▼

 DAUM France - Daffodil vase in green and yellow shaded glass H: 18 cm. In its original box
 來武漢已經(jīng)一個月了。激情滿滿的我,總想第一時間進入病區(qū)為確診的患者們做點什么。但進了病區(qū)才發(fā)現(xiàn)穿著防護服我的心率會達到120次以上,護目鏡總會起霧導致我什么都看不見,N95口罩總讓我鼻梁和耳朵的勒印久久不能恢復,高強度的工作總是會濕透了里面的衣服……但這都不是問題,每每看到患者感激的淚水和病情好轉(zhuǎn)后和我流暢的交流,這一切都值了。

▲
▼

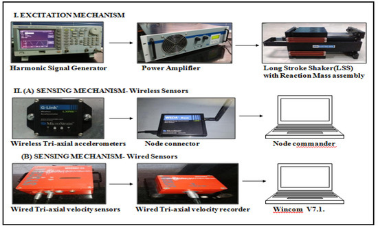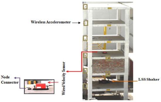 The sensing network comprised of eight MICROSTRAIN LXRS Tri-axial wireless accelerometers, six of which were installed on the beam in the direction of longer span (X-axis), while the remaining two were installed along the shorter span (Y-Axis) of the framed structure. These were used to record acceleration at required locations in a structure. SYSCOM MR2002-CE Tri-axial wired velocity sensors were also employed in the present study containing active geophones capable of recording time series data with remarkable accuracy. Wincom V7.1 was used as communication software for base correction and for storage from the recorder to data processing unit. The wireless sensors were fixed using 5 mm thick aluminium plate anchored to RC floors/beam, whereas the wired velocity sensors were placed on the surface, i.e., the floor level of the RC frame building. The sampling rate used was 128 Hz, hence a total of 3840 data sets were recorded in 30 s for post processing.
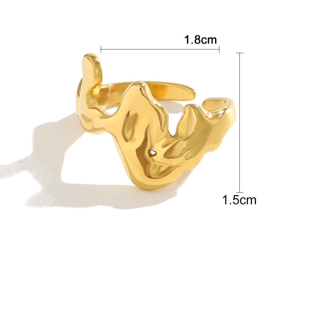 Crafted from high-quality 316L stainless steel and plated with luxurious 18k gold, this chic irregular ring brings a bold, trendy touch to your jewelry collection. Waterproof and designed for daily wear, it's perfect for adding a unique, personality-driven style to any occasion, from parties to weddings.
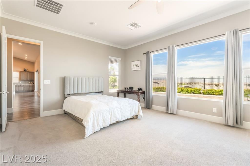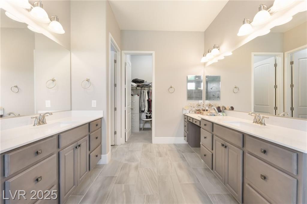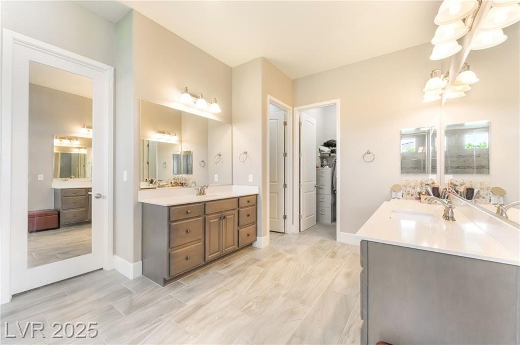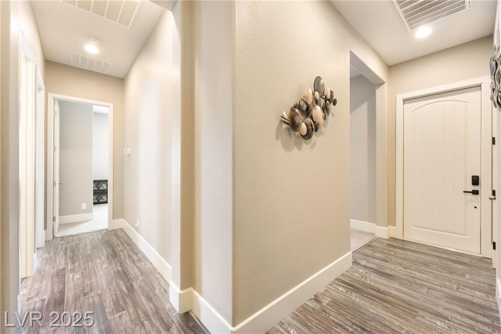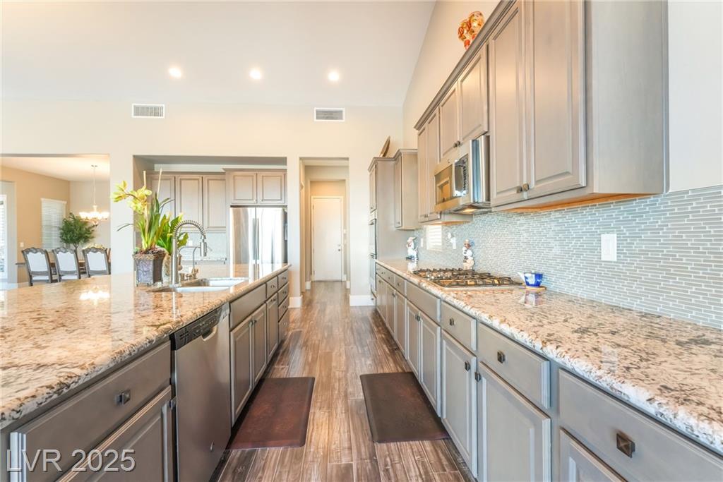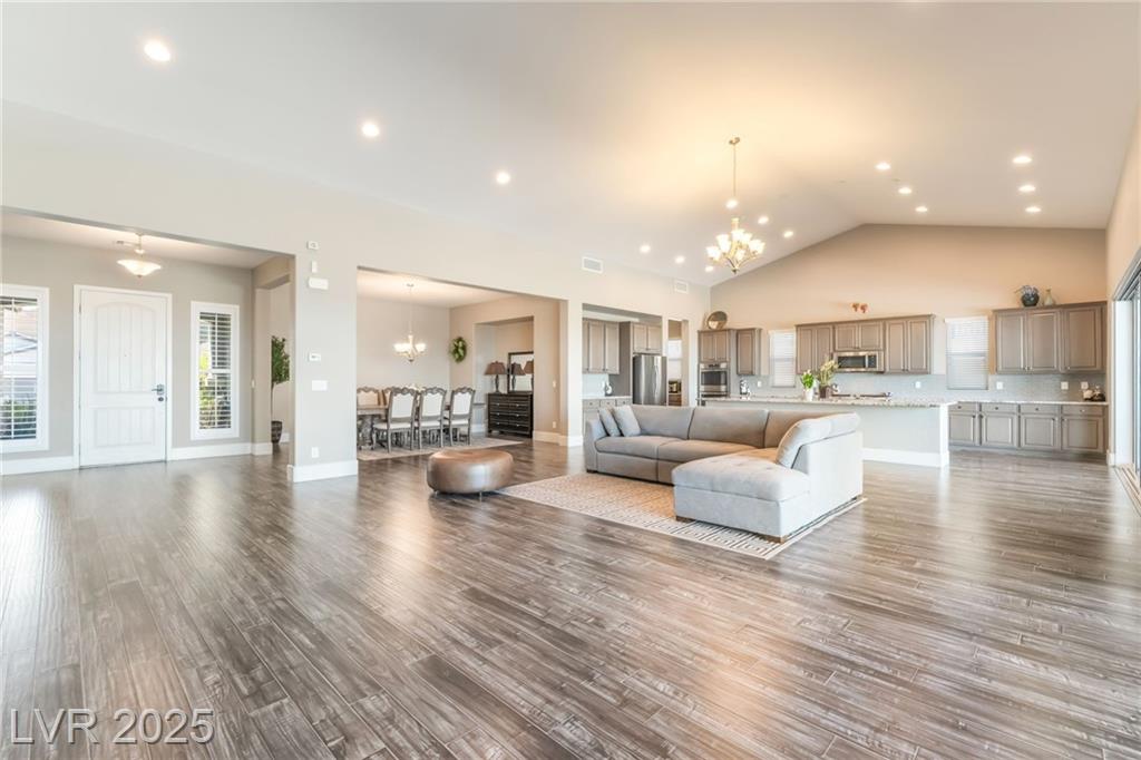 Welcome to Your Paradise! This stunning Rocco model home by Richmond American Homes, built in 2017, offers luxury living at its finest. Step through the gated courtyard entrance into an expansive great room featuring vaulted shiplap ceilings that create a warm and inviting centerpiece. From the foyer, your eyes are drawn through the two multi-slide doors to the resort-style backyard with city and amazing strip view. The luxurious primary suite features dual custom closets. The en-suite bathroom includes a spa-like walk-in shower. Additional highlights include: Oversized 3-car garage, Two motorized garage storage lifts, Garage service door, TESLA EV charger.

▲
▼

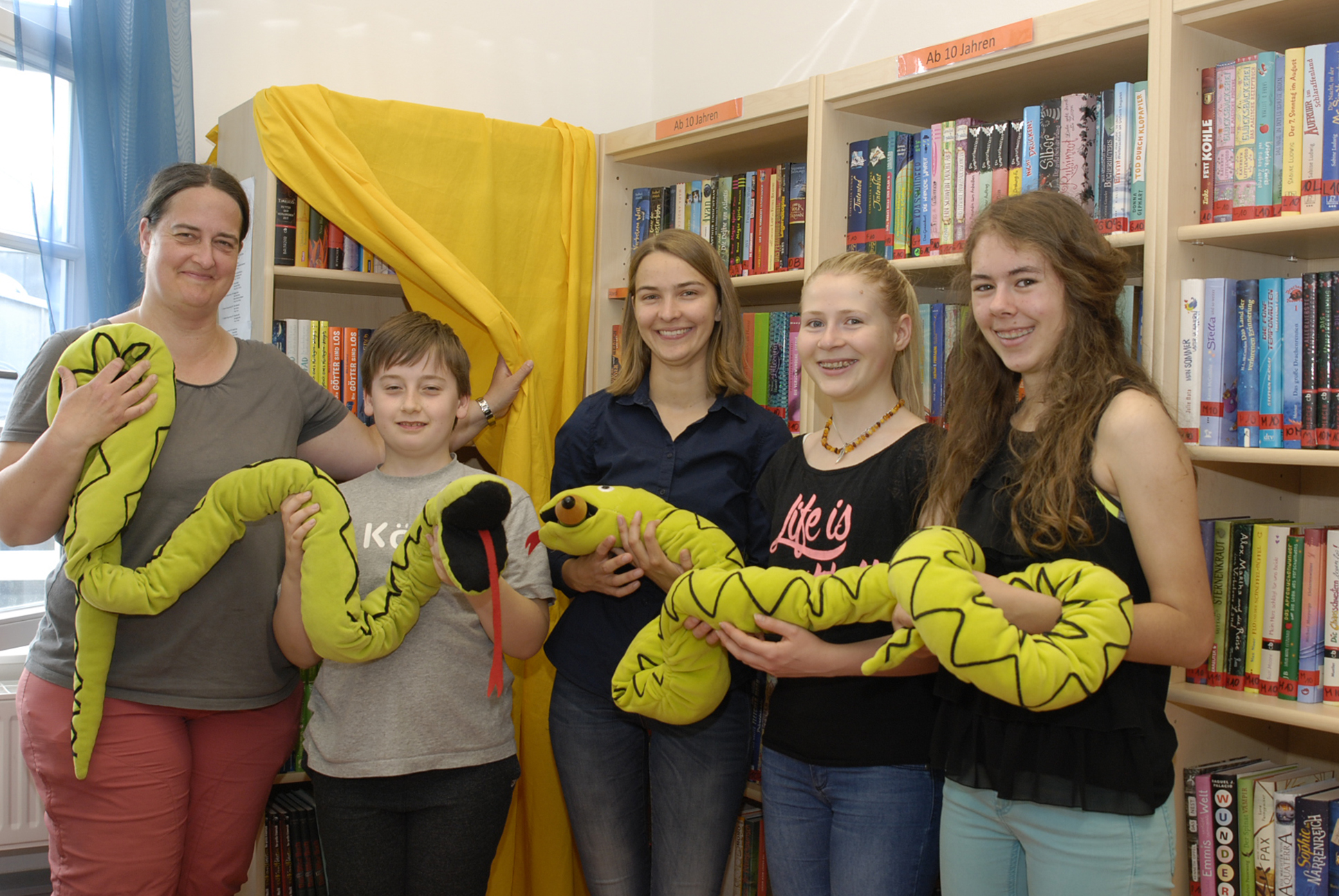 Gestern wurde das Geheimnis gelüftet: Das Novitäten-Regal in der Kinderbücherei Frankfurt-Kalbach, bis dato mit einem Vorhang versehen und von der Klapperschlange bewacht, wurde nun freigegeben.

▲

| The problem |
Would you quote everything above from the line containing "DAUM France - Daffodil" down to the line containing "來武漢已經(jīng)一個月"? Include both of those lines and nothing else.

| Expected answer |
 DAUM France - Daffodil vase in green and yellow shaded glass H: 18 cm. In its original box
 來武漢已經(jīng)一個月了。激情滿滿的我,總想第一時間進入病區(qū)為確診的患者們做點什么。但進了病區(qū)才發(fā)現(xiàn)穿著防護服我的心率會達到120次以上,護目鏡總會起霧導致我什么都看不見,N95口罩總讓我鼻梁和耳朵的勒印久久不能恢復,高強度的工作總是會濕透了里面的衣服……但這都不是問題,每每看到患者感激的淚水和病情好轉(zhuǎn)后和我流暢的交流,這一切都值了。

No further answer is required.